TO DO: For this exercise, write out only the lines of the entries below from the one with "In unserem Sortiment" up to and including the one with "图片标题: 舞狮子的男孩女孩庆祝新年", exactly as they are. Pictures stay out.

Saved data entries

►

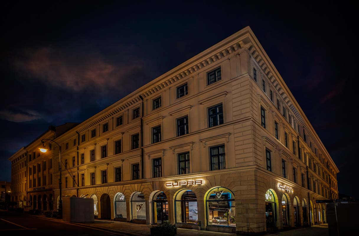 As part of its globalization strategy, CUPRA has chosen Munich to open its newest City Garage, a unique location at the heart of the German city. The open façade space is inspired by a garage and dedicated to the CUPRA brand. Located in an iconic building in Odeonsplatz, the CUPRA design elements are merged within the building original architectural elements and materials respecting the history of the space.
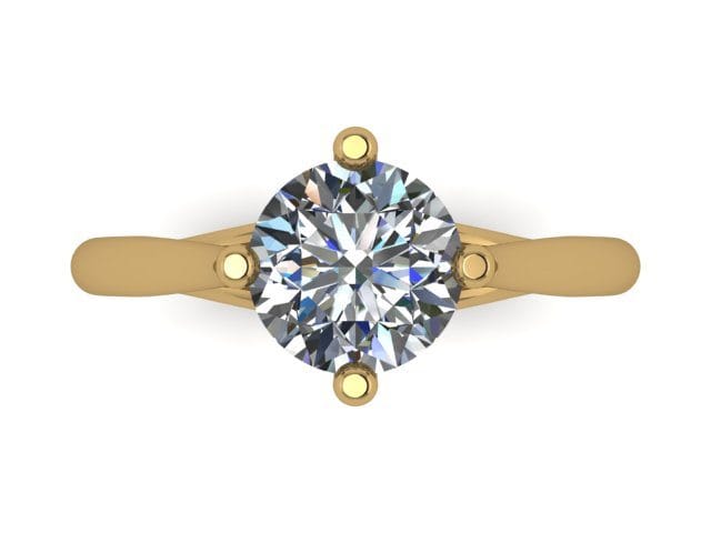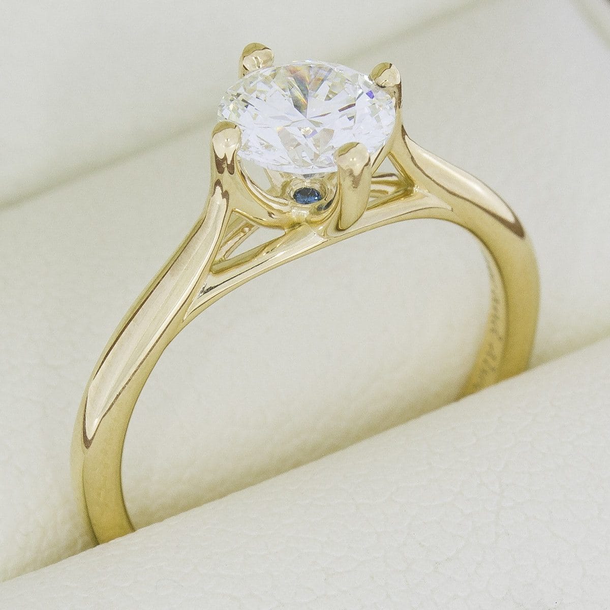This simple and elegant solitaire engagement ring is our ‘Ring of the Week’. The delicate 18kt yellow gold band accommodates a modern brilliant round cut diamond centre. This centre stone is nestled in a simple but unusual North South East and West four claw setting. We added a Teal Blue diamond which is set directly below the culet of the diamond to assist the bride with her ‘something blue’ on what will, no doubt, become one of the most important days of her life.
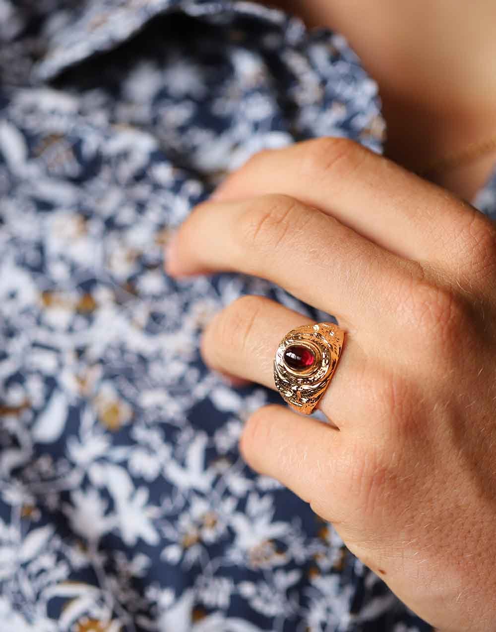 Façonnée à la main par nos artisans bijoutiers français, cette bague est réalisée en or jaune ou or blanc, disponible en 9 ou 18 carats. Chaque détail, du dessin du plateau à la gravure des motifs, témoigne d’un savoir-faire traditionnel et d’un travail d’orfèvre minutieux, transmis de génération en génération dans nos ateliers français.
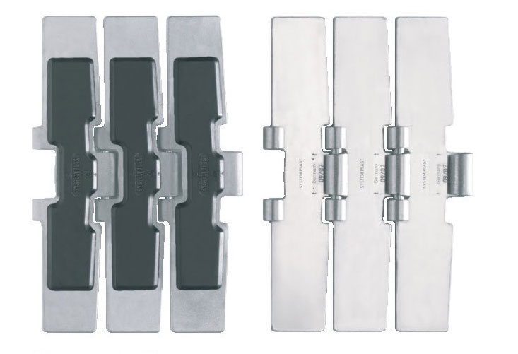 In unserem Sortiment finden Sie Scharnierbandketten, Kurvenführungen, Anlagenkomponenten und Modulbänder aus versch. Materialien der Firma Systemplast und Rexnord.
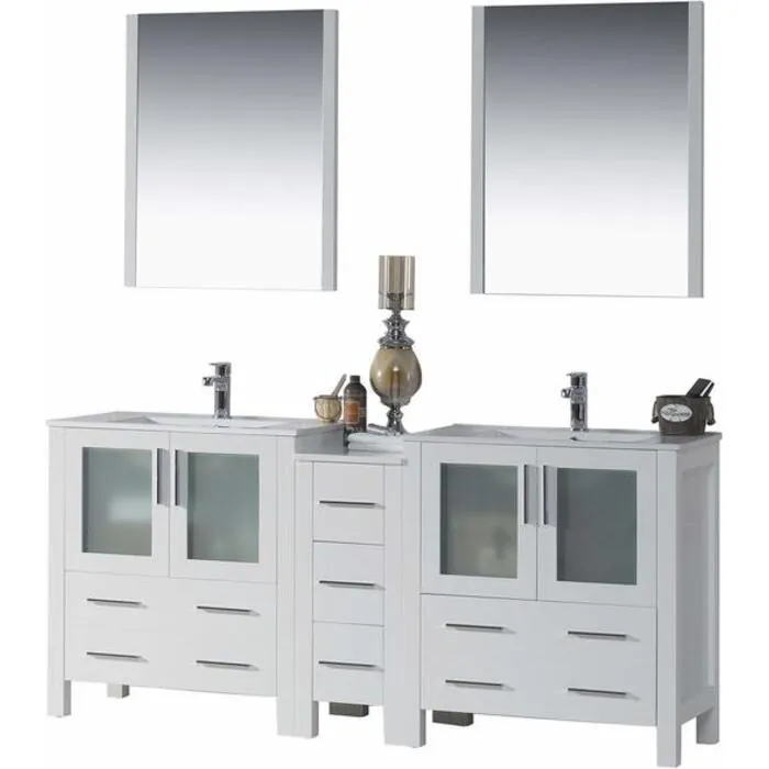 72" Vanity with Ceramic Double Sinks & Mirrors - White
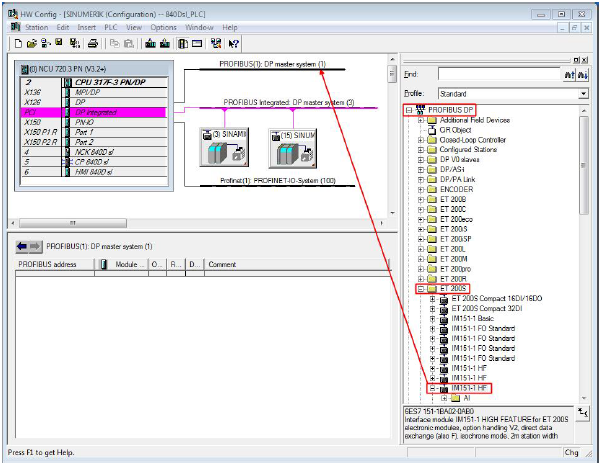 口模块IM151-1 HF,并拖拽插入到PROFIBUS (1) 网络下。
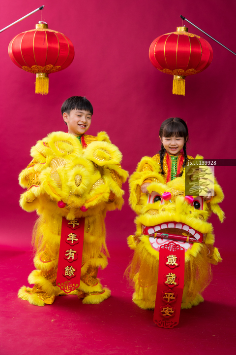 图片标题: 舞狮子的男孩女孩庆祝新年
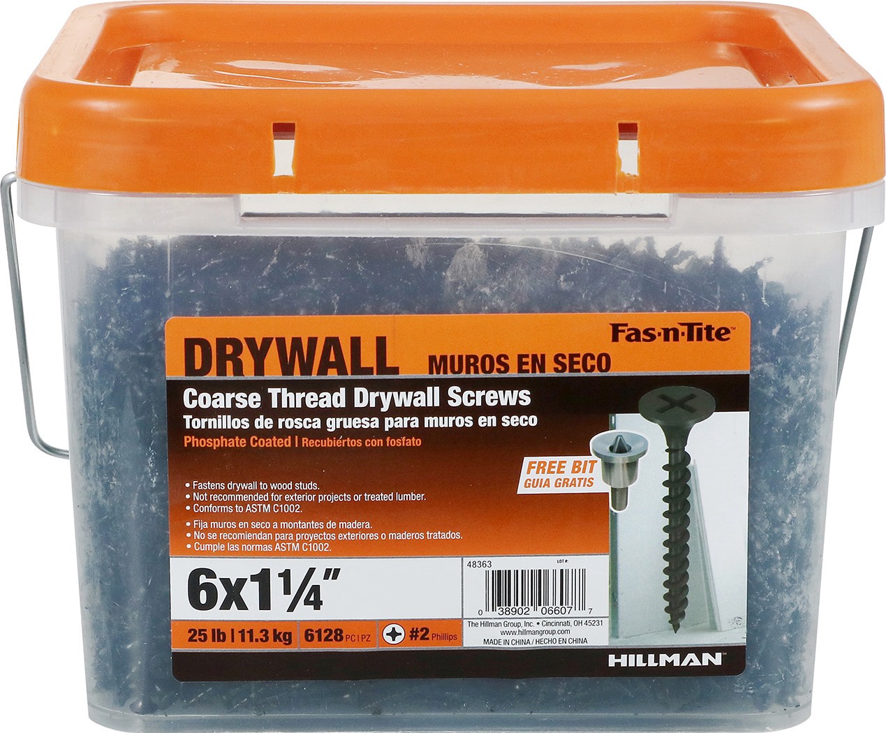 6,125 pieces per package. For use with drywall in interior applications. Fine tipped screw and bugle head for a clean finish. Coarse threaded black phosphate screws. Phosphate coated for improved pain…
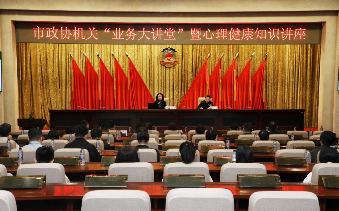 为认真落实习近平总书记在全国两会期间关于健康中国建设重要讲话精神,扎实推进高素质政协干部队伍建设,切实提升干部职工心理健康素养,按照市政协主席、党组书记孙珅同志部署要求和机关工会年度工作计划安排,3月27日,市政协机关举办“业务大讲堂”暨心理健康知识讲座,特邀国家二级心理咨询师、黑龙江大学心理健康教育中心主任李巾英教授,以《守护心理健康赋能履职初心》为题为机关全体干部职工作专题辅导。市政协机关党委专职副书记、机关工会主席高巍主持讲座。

◄

EXPECTED ANSWER:
 In unserem Sortiment finden Sie Scharnierbandketten, Kurvenführungen, Anlagenkomponenten und Modulbänder aus versch. Materialien der Firma Systemplast und Rexnord.
 72" Vanity with Ceramic Double Sinks & Mirrors - White
 口模块IM151-1 HF,并拖拽插入到PROFIBUS (1) 网络下。
 图片标题: 舞狮子的男孩女孩庆祝新年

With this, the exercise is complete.